When Jack faces mounting debt as a producer and is losing light by the passing second as a director, he can’t be really bothered to care when he discovers that Helen has killed their neighbor Bill (John Carroll Lynch). Not only was the neighbor’s noisy canine ruining takes, Bill was being a bit of a dog himself, asking for sexual favors. But it does become the driving force of the comedy when a local sheriff (Scoot McNairy) comes poking around and the family starts to learn Bill’s murder might not have been an isolated incident. While playing the most overlooked member of the family, Sedgwick has the juiciest role as a happy housewife who gleefully slices through more than just bread for craft services.

While little is taken seriously by the filmmakers, Dan Beers’ script does just enough dramatic legwork to get at the heart of the family’s issues. Helen is said to have sacrificed a promising acting career to star in her husband’s films and raise their kids, adding an interesting wrinkle to Ula’s dilemma about breaking the news of her next gig to her parents. Travis also wishes he could speak more easily to his dad, and while the character is the least developed of the lot, Trent Bacon looks the most at home stalking around the set of of an indie shoot, with his long hair and general indifference to what’s being filmed. He makes his presence felt in the film’s heavy metal soundtrack that he contributes to with his band Contracult.
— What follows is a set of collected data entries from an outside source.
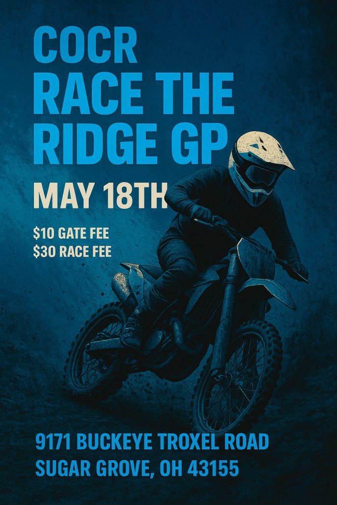 Join us May 18th at COCR for our first 2025 GP race! The course consists of a mix of woods, fields, and a portion of our motocross track. You won’t want to miss our season opener!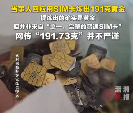 用SIM卡炼出191克黄金,价值21万元?当事人:说法不严谨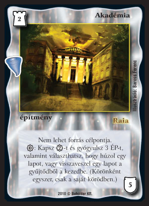 Akadémia (8): A látszat ellenére, nem feledkeztünk meg az épületpakliról sem, kapnak erősítést ők is. Elsőre talán érthetetlen az Akadémia, hiszen drága is, lassú is... Mit akarunk mi ettől? Nos annyit segíthetek, hogy a jövőben jön ki olyan lap, melynek segítségével elég könnyen aktívan rakhatjuk ki. Talán nem árulok el nagy műhelytitkot, ha megmondom, hogy ezen kiegészítő lapjait az év végi nagy kiegészítő lapjaival együtt teszteltük, így néhány lap ereje a későbbiekben megjelenő más lapokhoz lett bemérve. De addig se keseredjünk el, simán ki lehet vágni akár az első körben is az Akadémiát egy Szellemszolga segítségével, és akkor már a második körtől kezdve termelheti nekünk a tápot.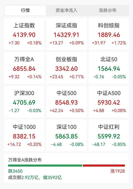 1月27日下午,市场探底回升,三大指数集体翻红,创业板指一度涨超1%。截至收盘,上证指数涨0.18%,深证成指涨0.09%,创业板指涨0.71%。沪深两市成交额2.92万亿,较上一个交易日缩量3592亿。盘面上,全市场超3400只个股下跌。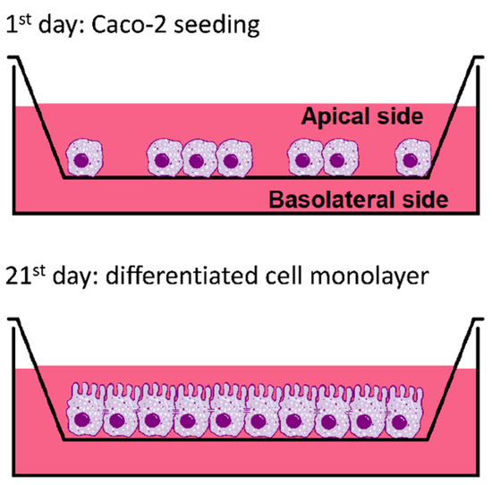 To obtain intestinal epithelium membranes, Caco-2 cells were seeded in six-well plates onto PET porous Millicell hanging cell culture inserts (Merck Millipore) (area 4.2 cm2; pore size 0.4 µm) in 2 mL of medium at a seeding density of 2.5 · 105 cells per insert in the apical side. Then, 3 mL of medium were added in the basolateral compartment. Culture medium was changed every 2–3 days and the seeded cells were grown for 21 days to allow cell differentiation into enterocyte-like cells, characteristic enzymes production and tight junctions formation [86]. Before starting all the experiments, transepithelial electrical resistance (TEER) of each insert was measured to confirm the correct formation of confluent intestinal monolayers.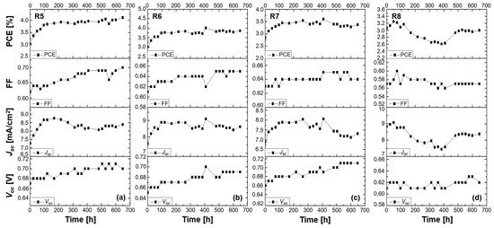 Stability study of 2-LBH-44 DSSCs measured under ambient conditions for over 600 h. Performance of (a) a liquid DMPII electrolyte-based DSSC (R5) and of QsDSSCs employing PVDF-HFP-based gel electrolytes with varying molecular weights: (b) R6—DMPII + PVH70, (c) R7—DMPII + PVH80, and (d) R8—DMPII + PVDF-HFP.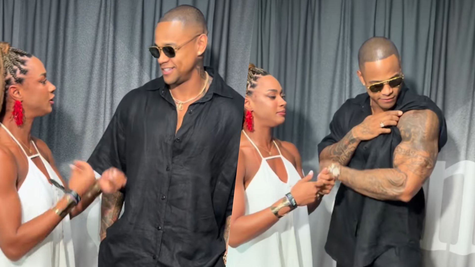 No mesmo evento, o enfermeiro do BBB 23 também fez uma gravação de bastidores com o marido de Lore Improta. Ele brincou com a diferença de altura entre os dois baianos.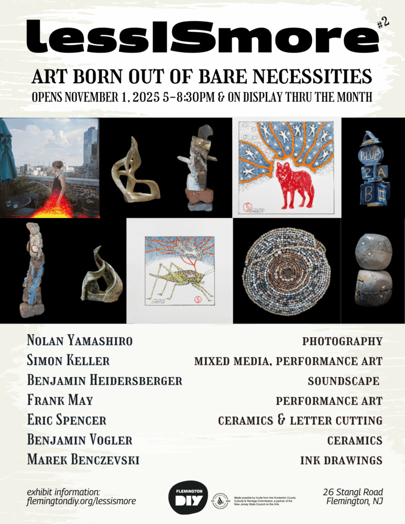 Frank May (frankmay.net) is an artist, gallerist, and educator. He considers all media his province. Frank is a member of artist groups MOVIS and Co11ective. He is the owner and curator of M Galleries (mgalleries.org), a network of art galleries and studios based in Washington, NJ. Frank has a degree in sculpture from Mason Gross School of the Arts-Rutgers, New Brunswick, NJ (masongross.rutgers.edu). He is currently on the faculty of The Center for Contemporary Art in Bedminster, NJ (ccabedminster.org) and CreateIT Labs (createitlabs.org).

It’s not every slasher film that ends with the filmmakers’ personal home movies from school plays and concerts accompanying the credits, but knowing it’s corn syrup that makes all the fake blood spilled so thick, the sweetness doesn’t seem entirely off the mark. The spirit of the endeavor can forgive a lot, with some clumsy filmmaking that doesn’t seem to be an intentional homage, such as a slapdash set-up to Helen’s murderous ways and a slightly tacked-on feeling opening involving a film critic who has been a thorn in Jack’s side. Not everyone will appreciate a dance number chaotically spliced into a gruesome sequence set around a woodchipper, yet it plays like gangbusters for the right crowd, feeling as if the film hasn’t just brought a family together on screen, but one off of it as well — in laughter.